Как-то Борискову довелось посещать на дому некоего миллионера Фридлянда. Оказывается, тот заехал в поликлинику, но ему не понравилось находиться там среди других больных, соскоб на анализ у него забрали, а Борискова попросили посмотреть пациента на дому. Борискова забрали утром от самого дома, повезли на Фурштадскую улицу, там из машины позвонили охраннику в подъезде. Тот открыл подъезд и уже оттуда позвонил охраннику на площадке второго этажа. Когда Борисков поднялся пешком на второй этаж, охранник, видимо находившийся в соседней квартире, куда была распахнута дверь, его уже ждал на лестничной площадке, и уже сам позвонил в квартиру Флидлянда. Дверь открыла, видимо, его жена – молодая, очень красивая женщина в домашнем халате. В огромной прихожей были узорные полы, Борисков переодел там обувь и вымыл руки в такой же огромной, как и прихожая, роскошной ванной комнате. Затем его проводили в кабинет. Кабинет представлял собой огромный и длинный зал, с камином и каменными львами по обеим сторонам его, но в целом как казенно и довольно безвкусно обставленный. Какое-то время он ждал, пока откуда-то из глубины квартиры не появился сам заспанный и босой сам Семен Аркадьевич Флидлянд. Выглядел он просто ужасно. Вид у миллионера была такой, будто он только что вернулся от пивного ларька. Зубов у него не было вообще ни одного – все выдернули, а протезы никак не могли вставить из-за внезапно возникших во рту язв. Затем и послали за Борисковым. Борисков вынул уже готовый анализ, который ранее взяла у больного медсестра, и стал смотреть, спрашивать, потом назначил лекарство.

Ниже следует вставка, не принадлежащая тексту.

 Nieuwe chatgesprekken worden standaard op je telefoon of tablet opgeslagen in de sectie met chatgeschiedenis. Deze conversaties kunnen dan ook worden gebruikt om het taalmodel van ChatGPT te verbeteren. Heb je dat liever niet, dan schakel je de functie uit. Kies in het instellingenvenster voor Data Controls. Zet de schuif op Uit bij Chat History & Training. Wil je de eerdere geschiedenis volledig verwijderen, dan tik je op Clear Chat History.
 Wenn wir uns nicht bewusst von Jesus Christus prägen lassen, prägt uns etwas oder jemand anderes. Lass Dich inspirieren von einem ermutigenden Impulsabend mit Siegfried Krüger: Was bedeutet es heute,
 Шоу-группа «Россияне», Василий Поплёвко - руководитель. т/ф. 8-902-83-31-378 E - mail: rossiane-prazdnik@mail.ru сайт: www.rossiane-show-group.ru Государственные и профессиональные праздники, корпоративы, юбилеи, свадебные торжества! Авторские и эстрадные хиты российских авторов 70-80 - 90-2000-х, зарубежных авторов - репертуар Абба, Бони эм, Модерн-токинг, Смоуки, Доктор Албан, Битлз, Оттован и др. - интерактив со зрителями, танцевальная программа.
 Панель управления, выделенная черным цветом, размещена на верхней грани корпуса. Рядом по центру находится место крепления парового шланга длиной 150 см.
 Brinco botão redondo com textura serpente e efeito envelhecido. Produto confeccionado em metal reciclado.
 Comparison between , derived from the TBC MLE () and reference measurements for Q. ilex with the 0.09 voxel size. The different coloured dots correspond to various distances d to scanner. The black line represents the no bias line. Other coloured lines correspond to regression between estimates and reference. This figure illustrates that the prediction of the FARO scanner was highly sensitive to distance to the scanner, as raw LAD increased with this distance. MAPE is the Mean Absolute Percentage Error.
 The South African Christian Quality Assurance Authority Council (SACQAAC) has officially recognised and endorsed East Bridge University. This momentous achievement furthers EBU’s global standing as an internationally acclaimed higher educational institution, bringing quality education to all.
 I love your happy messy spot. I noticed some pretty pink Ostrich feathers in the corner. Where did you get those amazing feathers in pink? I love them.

Фридлянд жаловался ему, что не мог давеча на банкете съесть бутерброд с черной икрой, которую очень любил.
– Все надо мной смеялись: "Сема, а ты корочку оборви и мякоть с икоркой пососи!"
Потом он попросил:
– Доктор, вы только выписывайте мне самое лучшее, самое дорогое. Никаких дешевых лекарств, и главное, чтобы только не попасть на подделки.
Подделки препаратов случались и являются головной болью для врача. Нередко они стоили так же дорого, как и настоящие, и отличить одно от другого было практически невозможно. Больной мог прийти и сказать, что ему ничего не помогает. И ты должен думать, что это: неудачно выбранный препарат, или же подделка? По большому счету сделать с этим Борисков ничего не мог. Поэтому он назначал только те средства, которые знал, и которые заведомо и обычно помогали.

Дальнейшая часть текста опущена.